“I was furious,” Joshua said. “I just didn’t get it. I wanted to understand everything, and for me, just not being able to understand why we were living like that, it drove me crazy.”
He formed a deep bond with Patrick Gaither, his basketball coach on a team called Clutch Performance, and Gaither’s wife Sonja Strickland-Gaither. He now calls them his godparents, and he grew to trust them, even though he would walk to meet Patrick for rides to practice, lest Patrick ask to see inside his home.
It was through all of it that Joshua Morgan, child of the District, put himself in position to help the District as an adult.
“It’s not about you,” Strickland-Gaither would tell him, she said. “Sometimes we get selfish, and we want to do things, but it’s really not about you. It’s about how can you make somebody else’s life better.”
A privilege to give back
In the NFL, Sundays conclude a weeklong crescendo, the physical violence and emotional drain of a game crashing to an end. Mondays are about recovery, about reviewing what happened and correcting mistakes. Tuesdays are for rest, the one day players have off. They are sacred. And each Tuesday during the 2012 season, Morgan filled with some sort of charitable appearance.
“I don’t think the ink was dry on his contract before he was asking around, trying to find me, trying to find community relations,” said Jordana Taylor, who worked for seven years as the Redskins’ director of community and charitable programs. “He made it clear that he thought it was his responsibility — a privilege and a responsibility — to give back to the community.”
The Redskins signed him to a two-year, $11.5 million contract not because he would give back, but because he could provide depth to a thin receiving corps. A sixth-round pick out of Virginia Tech in 2008, he caught 131 passes in 49 games for the 49ers over his first four seasons in the NFL.
But on the second Tuesday of the 2012 season, Morgan was already coming off what threatened to be his defining moment as a Redskin. In the waning minutes in St. Louis, Morgan was tackled by Rams cornerback Cortland Finnegan, who then shoved him. Morgan sprang up and hurled the ball at Finnegan, drawing an unsportsmanlike conduct penalty that moved the Redskins out of reasonable field goal range. Morgan grew up in D.C., but had no reputation here among the majority of Redskins fans. Some fans turned on him.

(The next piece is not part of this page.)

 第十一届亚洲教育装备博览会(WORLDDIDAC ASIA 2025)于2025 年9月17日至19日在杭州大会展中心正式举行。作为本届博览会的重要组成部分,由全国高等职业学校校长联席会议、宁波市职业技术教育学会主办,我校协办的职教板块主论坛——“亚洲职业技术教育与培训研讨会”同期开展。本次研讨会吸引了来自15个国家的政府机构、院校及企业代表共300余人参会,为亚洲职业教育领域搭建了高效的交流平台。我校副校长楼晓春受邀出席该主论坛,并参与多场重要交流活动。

Morgan caught 48 passes for the Redskins last year. He may have made as many charitable appearances. In April alone, a time when most players are scattered across the country taking time to themselves, Morgan served as the grand marshal of the National Cherry Blossom Parade, helped lead 800 kids in an exercise program sponsored by the United Way, spoke to students about eating right and leading a healthy life at a clinic designed to combat childhood obesity, presented his college coach with an award for providing books to children.
He is, by nature, soft-spoken, but he preached passionately at the Susan G. Komen Race for the Cure on the National Mall, in part because Strickland-Gaither, unbeknownst to even close friends, had breast cancer diagnosed in the fall of 2009.

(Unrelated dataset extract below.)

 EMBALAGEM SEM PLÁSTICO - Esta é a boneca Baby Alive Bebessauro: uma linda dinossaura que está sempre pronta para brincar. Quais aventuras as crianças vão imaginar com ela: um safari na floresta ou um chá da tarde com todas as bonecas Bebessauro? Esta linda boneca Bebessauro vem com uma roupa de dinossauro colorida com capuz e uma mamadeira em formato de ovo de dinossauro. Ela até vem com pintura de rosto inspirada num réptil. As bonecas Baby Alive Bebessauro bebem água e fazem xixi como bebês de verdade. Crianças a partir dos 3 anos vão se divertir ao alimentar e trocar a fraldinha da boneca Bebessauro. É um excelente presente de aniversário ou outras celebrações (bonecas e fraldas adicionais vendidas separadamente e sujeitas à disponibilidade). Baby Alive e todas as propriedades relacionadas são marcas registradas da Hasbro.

“When I talk to people here,” he said, “I talk to people I know had the same experience I did.”
The city, too, is taking notice. On June 4, the D.C. Council unanimously approved agenda item No. 9: “Joshua L. Morgan Recognition Resolution.” On June 18, he will be presented a proclamation by the government.
Back at that little triangle of a park, Morgan thought about his message.

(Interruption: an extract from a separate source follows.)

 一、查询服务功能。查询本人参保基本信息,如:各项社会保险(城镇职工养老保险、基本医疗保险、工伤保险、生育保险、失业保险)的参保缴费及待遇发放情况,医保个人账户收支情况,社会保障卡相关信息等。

“I tell kids to this day: Stay out of trouble. Do everything your coaches and your teachers tell you to do. Get good grades,” he said. “And just work hard at whatever you decide to be in life. Just constantly work hard. That’s all you need.”
But Morgan will tell you: You need a family, you need friends. You need role models, you need a neighborhood. You need a city that, in some way, loves you so you can one day love it back.